After turning email into end-to-end encrypted communication, Proton Mail Key Transparency will close another potential security hole, says the company: ensuring you’re emailing the right person …

Background

By default, email is a plain text form of communication – and your emails pass through multiple servers before they reach the recipient. That means that anyone with full access to those servers could read your mail.

PGP – or Pretty Good Privacy – is an email encryption protocol designed to ensure privacy. Emails sent to you are encrypted using your public key, which anyone can access, and can then only be decrypted with your private key, which is known only to you.

PGP turns email into an end-to-end encrypted communication, but it’s not especially user-friendly to implement, which is the problem Proton Mail set out to solve. Provided both you and your email contacts are using Proton Mail, then PGP is automatically applied without either party having to do anything other than send and receive email.

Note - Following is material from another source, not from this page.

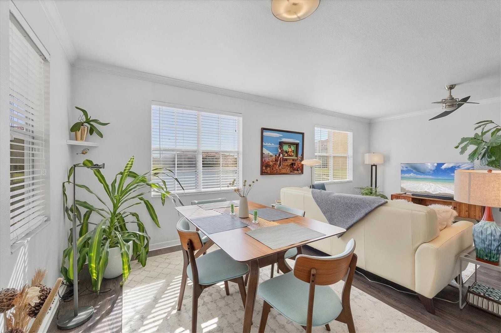 Welcome to this charming and meticulously maintained 2-bedroom, 2-bathroom condo with breathtaking water views. This home has been thoughtfully updated with modern finishes and is centrally located within the highly desirable, gated Villagio Condominiums, close to downtown Sarasota. Beautiful pond views greet you as you enter this corner unit, that is conveniently located on the first floor. Inside, you will find modern laminate flooring, paired with a neutral paint palette in every room, creating a clean and inviting atmosphere. Updated fans and light fixtures give the unit a modern touch. The spacious living area is enhanced with crown molding and large windows that allow plenty of natural light to flood the unit. Glass sliding doors lead out to your covered patio, where you can sip a cup of coffee while the serene pond views and Florida's wildlife mesmerize you. Enjoy hosting and cooking in your open concept kitchen with wood cabinetry, stainless steel appliances, gleaming granite countertops and a breakfast bar counter, perfect for casual dining or entertaining guests. Your primary bedroom is completed with a spacious walk-in closet that will hold all your possessions and then some. The ensuite bathroom is fully updated with a nicely tiled garden tub, plenty of storage space and beautiful granite countertops. The guest bedroom is located on the opposite side of the unit, giving you some privacy. There is plenty of storage with dual closets and two windows keep the room nice and bright. The guest bathroom has a tub shower combo and plenty of countertop space. Just off the entrance is an office nook, which will help you keep all your office gear organized. A custom glass door allows you to keep it private, without feeling too enclosed. You will also appreciate the practical laundry closet with high end front load washer and dryer, adding to the home's overall convenience and functionality. The gated community boasts an array of amenities, including a clubhouse with a fitness center, a heated resort-style pool, a tennis / pickleball court and a fenced in dog park. The community had all the buildings painted in 2024 and all the roofs replaced in 2021. Despite recent hurricanes the community has stood strong without any damage to any of the buildings or any flooding ever reported on their grounds. Discover the convenience of living close to downtown Sarasota, marinas, and the Baltimore Orioles' spring training home at Ed Smith Stadium. Lido Key's & Siesta Key's pristine beaches are just a short distance away, while the Sarasota/Bradenton International Airport ensures easy travel. You'll also find a variety of delicious restaurants close by. Whether you are looking for a full-time home, a winter escape or an investment property - Call today to schedule your showing or virtual tour.

What started out as a niche product has grown to 100 million users, and the company has diversified into password managers, VPN, storage and more.

Proton Mail Key Transparency

While Proton Mail ensures that the content of your email is safe from snooping, there is still another potential security hole, says the company. A bad actor could spoof an email from one of your contacts, leading you to reply to the wrong person. Spoofing email headers is very easy to do.

To solve that, Fortune reports that the company is preparing to launch Proton Mail Key Transparency. This is a way to verify that an email address really belongs to the person behind it.

The approach uses blockchain technology – though the company’s CEO, Andy Yen, was quick to point out that while this tech is best known for cryptocurrency, the company is in no way involved in that particular minefield.

The issue, Yen said, is ensuring that the public key actually belongs to the intended recipient. 

“Maybe it’s the NSA that has created a fake public key linked to you, and I’m somehow tricked into encrypting data with that public key,” he told Fortune. In the security space, the tactic is known as a “man-in-the-middle attack,” like a postal worker opening your bank statement to get your social security number and then resealing the envelope.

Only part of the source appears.